Feedback – a gift of information

I’ve been thinking a lot recently about giving feedback, not least because I have been running training in this area and have been commissioned to write a book which may well include a section on it.

When I first started work, we used to talk about ‘positive’ and ‘negative’ feedback and we were taught to use the ‘positive sandwich,’ in which negative comments should be enveloped between two slices of positive feedback.  This became something of a joke at work, and we would declare “That’s a nice shirt you’re wearing; your work’s appalling but the shirt is nice.”

While the principle of softening the blow of ‘negative’ feedback may be laudable, it dilutes the real message.  If someone has not performed as expected, it’s useful that they know that.  Now this doesn’t mean being horrible to someone and it certainly doesn’t mean blaming them.  Instead it should be delivered in a way that helps them to understand the effects of their performance and encourages them to do something positive about it.

Stepping back from all this, feedback itself is a gift of information.  When I receive a gift, I can choose to cherish it, save it for later, give it away or sell it on eBay. The gift is neither positive or negative – it’s just a gift.  Feedback is not intrinsically positive or negative, when delivered in the right way.  So often, new managers find themselves tied in knots at the thought of giving feedback which may be construed as negative.  It’s worst for the managers who have worked in a team and then promoted to be the team leader.  Giving feedback feels like slapping their friends in the face.  All too often, the recipient of the feedback feels less upset about it than the manager delivering it.

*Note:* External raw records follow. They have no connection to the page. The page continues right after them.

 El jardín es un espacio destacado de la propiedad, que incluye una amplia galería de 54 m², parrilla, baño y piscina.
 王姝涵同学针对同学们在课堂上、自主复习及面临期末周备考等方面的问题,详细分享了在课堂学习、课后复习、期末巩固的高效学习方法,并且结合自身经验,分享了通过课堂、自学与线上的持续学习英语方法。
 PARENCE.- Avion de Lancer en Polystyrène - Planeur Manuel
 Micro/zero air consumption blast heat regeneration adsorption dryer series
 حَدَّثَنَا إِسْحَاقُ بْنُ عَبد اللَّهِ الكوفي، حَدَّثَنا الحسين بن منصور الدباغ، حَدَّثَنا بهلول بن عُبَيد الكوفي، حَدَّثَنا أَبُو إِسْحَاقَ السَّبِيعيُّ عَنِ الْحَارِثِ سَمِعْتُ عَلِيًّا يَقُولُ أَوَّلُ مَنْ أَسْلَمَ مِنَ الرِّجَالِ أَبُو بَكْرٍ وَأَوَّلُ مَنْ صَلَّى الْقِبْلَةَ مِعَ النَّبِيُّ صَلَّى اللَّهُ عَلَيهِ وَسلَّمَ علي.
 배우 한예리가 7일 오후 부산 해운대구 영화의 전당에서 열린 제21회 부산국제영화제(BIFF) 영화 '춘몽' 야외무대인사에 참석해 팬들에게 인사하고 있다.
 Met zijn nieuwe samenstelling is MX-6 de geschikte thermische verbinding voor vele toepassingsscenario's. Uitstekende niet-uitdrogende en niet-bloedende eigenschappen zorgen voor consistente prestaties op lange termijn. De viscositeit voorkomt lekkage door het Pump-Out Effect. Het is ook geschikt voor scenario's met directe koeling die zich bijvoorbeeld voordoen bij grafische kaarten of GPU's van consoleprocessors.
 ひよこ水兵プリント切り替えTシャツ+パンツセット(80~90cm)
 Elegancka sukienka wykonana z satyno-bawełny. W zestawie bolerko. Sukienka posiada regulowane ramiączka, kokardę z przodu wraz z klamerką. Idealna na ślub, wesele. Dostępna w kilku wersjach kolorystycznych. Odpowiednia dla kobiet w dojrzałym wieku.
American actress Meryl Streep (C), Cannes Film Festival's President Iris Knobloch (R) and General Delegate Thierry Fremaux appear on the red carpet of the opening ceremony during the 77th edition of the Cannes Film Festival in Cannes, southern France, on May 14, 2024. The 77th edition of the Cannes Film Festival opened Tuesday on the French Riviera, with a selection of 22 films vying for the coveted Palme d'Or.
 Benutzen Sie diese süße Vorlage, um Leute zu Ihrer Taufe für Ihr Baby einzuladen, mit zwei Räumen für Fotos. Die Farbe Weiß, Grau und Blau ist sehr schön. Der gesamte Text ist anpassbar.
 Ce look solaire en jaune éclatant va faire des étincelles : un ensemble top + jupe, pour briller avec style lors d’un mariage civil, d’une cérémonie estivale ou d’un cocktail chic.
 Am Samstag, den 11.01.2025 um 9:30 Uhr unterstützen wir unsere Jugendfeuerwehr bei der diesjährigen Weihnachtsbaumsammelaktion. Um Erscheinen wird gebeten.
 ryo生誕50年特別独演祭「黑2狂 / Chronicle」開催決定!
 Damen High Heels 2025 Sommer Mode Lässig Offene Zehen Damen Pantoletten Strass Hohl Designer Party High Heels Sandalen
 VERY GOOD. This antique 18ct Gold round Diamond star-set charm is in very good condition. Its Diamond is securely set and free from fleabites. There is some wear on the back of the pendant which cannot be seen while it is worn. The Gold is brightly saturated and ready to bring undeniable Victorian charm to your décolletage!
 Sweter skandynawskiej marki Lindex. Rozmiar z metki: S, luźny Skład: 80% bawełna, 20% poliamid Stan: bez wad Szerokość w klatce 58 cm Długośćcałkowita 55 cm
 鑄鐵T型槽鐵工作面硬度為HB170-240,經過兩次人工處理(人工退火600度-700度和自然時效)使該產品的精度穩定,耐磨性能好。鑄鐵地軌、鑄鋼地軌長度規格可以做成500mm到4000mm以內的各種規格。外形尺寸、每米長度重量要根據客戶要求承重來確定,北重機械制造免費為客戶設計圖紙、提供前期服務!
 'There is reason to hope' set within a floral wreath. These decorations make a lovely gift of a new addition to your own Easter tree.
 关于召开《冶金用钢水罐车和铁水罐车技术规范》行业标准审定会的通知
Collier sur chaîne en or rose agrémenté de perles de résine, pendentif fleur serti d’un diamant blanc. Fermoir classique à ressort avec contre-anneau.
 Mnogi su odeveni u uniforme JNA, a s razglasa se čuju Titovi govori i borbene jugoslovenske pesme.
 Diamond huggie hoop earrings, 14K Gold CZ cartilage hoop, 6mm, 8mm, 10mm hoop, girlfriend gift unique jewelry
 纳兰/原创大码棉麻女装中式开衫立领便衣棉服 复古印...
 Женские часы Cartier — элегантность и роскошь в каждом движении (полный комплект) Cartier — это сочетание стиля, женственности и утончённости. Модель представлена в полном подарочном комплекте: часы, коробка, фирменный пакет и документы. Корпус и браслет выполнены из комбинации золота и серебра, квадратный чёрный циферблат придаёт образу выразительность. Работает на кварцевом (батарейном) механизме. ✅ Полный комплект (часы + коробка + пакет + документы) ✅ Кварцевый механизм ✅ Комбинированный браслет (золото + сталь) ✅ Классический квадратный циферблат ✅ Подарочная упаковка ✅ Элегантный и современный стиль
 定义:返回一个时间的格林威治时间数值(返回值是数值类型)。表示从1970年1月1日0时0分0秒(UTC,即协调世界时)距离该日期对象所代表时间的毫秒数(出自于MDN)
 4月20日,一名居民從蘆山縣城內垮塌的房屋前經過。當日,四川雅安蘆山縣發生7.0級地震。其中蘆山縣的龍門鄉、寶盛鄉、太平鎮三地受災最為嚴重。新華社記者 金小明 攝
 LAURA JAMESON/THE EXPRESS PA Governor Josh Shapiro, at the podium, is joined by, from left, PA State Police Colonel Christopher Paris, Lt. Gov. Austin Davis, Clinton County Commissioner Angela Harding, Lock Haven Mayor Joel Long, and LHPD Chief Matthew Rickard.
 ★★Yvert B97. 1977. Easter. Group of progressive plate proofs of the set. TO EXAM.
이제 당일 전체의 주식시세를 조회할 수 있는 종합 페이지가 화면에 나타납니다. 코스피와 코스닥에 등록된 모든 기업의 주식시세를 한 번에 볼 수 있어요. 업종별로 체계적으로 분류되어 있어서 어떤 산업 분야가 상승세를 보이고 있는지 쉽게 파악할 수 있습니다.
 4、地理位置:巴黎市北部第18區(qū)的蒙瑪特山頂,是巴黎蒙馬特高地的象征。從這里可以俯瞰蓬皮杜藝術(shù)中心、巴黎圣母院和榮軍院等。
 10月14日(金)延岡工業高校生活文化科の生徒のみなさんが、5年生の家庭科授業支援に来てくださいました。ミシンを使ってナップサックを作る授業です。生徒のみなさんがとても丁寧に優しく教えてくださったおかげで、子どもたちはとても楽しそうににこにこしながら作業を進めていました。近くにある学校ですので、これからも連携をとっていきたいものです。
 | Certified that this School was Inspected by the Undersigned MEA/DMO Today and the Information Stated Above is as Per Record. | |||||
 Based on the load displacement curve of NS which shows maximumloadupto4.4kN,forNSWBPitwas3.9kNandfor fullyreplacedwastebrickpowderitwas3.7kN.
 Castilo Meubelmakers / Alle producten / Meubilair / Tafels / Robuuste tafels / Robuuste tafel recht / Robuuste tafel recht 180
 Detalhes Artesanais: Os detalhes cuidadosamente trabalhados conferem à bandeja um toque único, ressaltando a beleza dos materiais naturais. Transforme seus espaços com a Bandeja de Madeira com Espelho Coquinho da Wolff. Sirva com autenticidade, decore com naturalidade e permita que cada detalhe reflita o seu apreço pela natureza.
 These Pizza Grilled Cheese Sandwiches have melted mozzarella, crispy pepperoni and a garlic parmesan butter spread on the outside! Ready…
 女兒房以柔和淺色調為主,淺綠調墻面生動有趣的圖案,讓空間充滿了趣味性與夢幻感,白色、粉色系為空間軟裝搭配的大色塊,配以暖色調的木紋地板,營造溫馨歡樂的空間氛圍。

So, in giving feedback, it’s useful to have a structure.  This helps us in delivery and the recipient in understanding that this is a serious conversation.  One regular problem when someone behaves in a way that’s deemed inappropriate at work is that they don’t appear to understand the effects of their behaviour on others.  Another is that the manager delivering feedback tells the staff member the corrective behaviour which they must demonstrate in future.  To remedy both of these problems, try this:

  • Example/Evidence
  • Effects
  • Change/Continue

First, describe what you see.  Be absolutely specific.  There is no sense in saying to someone “I think you have been a little grumpy recently.”  The answer is “No, I haven’t.”  Tell the team member about specific behaviours you have observed – give a time and location if it helps to make it even more specific.

Now, importantly, describe the effects. Be careful not to say “the rest of the team feels the same way as I do” because you’ll  create a division and mistrust in the team.

Finally, ask the team member what they will do differently in future.  It’s far better for them to tell you than for you to tell them because they are more likely to ‘own’ and commit to a solution of their own creation. Notice that the “C” in our little “EEC” structure can also stands for “continue”: the formula can be used equally for praising someone.

Here’s are some examples, first for offering praise and secondly for indicating errant behaviour:

“[E]George, last week when you knew that I was going to be away for the day and our new team member, Sylvia, joined the department?  I understood that you took her under your wing, introduced her to everyone, showed her round the department and took her to lunch with some other colleagues. [E] She was absolutely delighted and said she had been made to feel very welcome.  Thanks very much for that.  [C] Next week, when Fred joins us, would you mind doing the same again?”

“[E]George, last week when you knew that I was going to be away for the day and our new team member, Sylvia, joined the department? I understand that she was pretty much left to her own devices all day – that nobody introduced themselves to her nor showed her around.  [E] When I spoke to her on Friday, she was quite disconsolate, saying that she had felt unwelcome and rather excluded from the group.  [C]Next week, when Fred joins us, what could you do to make him feel more welcome than Sylvia?”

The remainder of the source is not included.